Requirement
The full listing, minus its pictures, should be printed again exactly as it stands.

[[ Data excerpt, beginning ]]

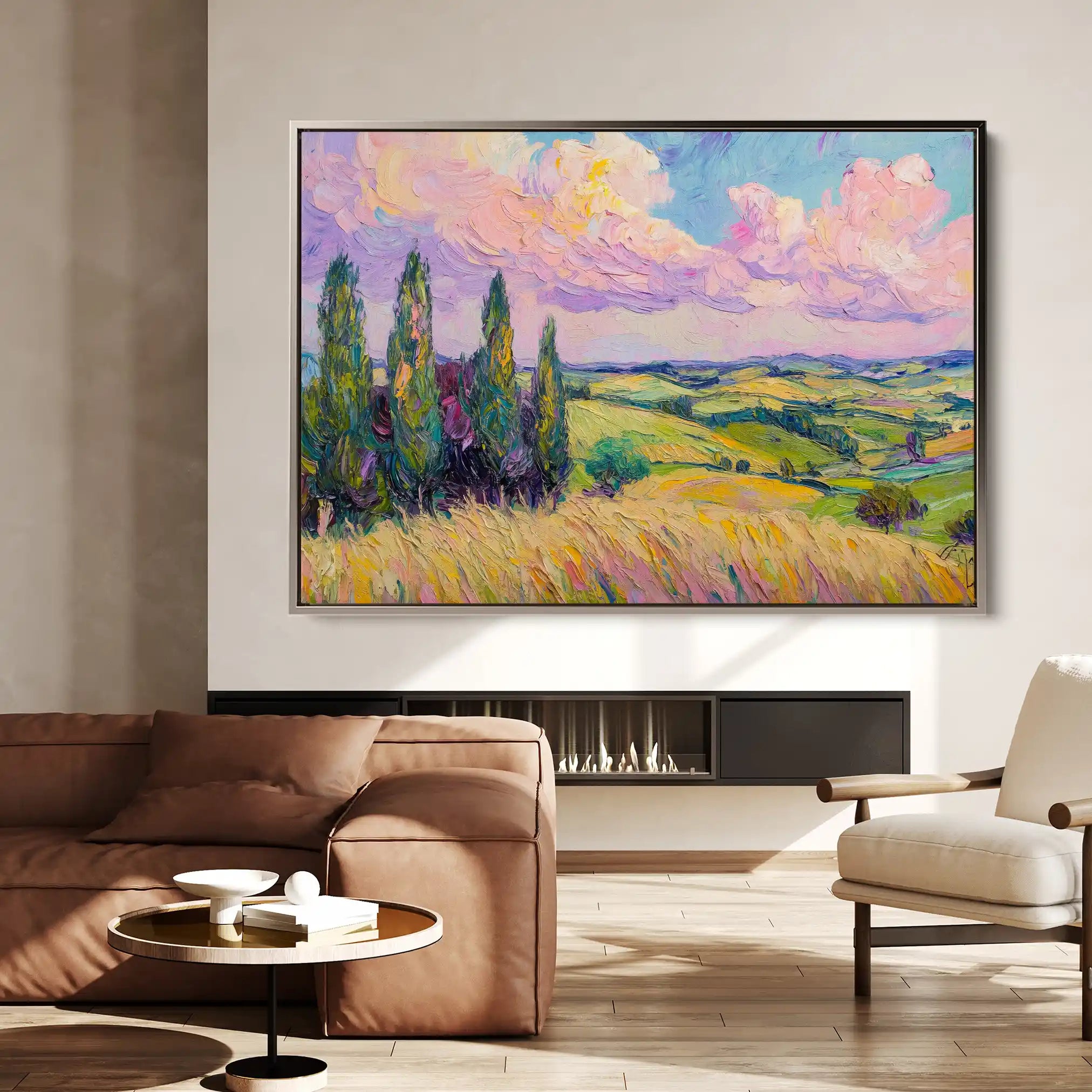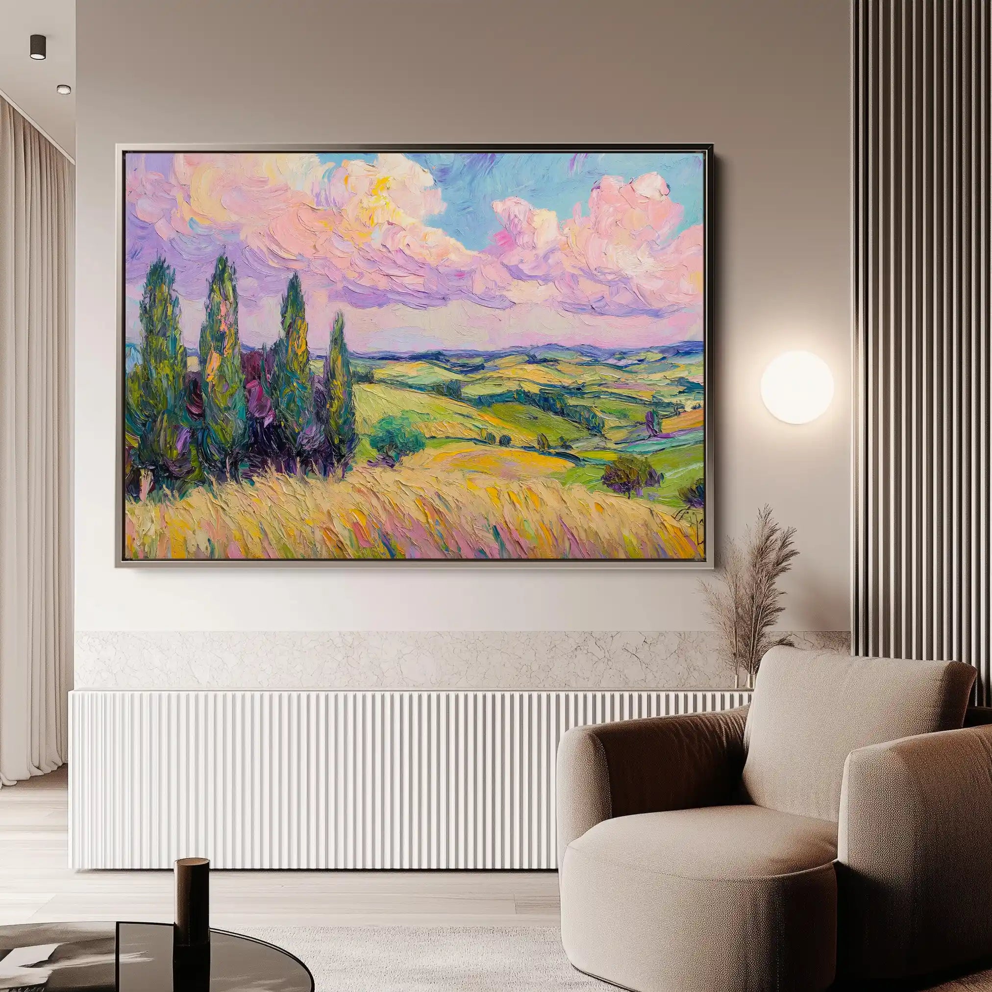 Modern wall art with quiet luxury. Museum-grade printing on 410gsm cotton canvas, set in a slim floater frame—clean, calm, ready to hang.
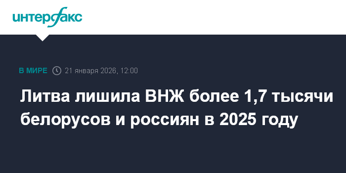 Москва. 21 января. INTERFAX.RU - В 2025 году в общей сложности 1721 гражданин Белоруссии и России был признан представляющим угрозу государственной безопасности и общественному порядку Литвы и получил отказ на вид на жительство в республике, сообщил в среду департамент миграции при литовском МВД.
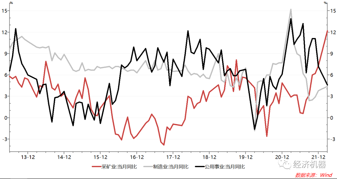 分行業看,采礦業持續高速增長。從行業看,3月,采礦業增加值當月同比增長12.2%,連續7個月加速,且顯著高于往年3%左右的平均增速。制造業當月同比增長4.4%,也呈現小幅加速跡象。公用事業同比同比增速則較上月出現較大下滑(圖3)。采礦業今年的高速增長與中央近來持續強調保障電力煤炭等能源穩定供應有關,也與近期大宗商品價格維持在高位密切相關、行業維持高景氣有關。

[[ Data excerpt, end ]]

Solved exercise
 Modern wall art with quiet luxury. Museum-grade printing on 410gsm cotton canvas, set in a slim floater frame—clean, calm, ready to hang.
 Москва. 21 января. INTERFAX.RU - В 2025 году в общей сложности 1721 гражданин Белоруссии и России был признан представляющим угрозу государственной безопасности и общественному порядку Литвы и получил отказ на вид на жительство в республике, сообщил в среду департамент миграции при литовском МВД.
 分行業看,采礦業持續高速增長。從行業看,3月,采礦業增加值當月同比增長12.2%,連續7個月加速,且顯著高于往年3%左右的平均增速。制造業當月同比增長4.4%,也呈現小幅加速跡象。公用事業同比同比增速則較上月出現較大下滑(圖3)。采礦業今年的高速增長與中央近來持續強調保障電力煤炭等能源穩定供應有關,也與近期大宗商品價格維持在高位密切相關、行業維持高景氣有關。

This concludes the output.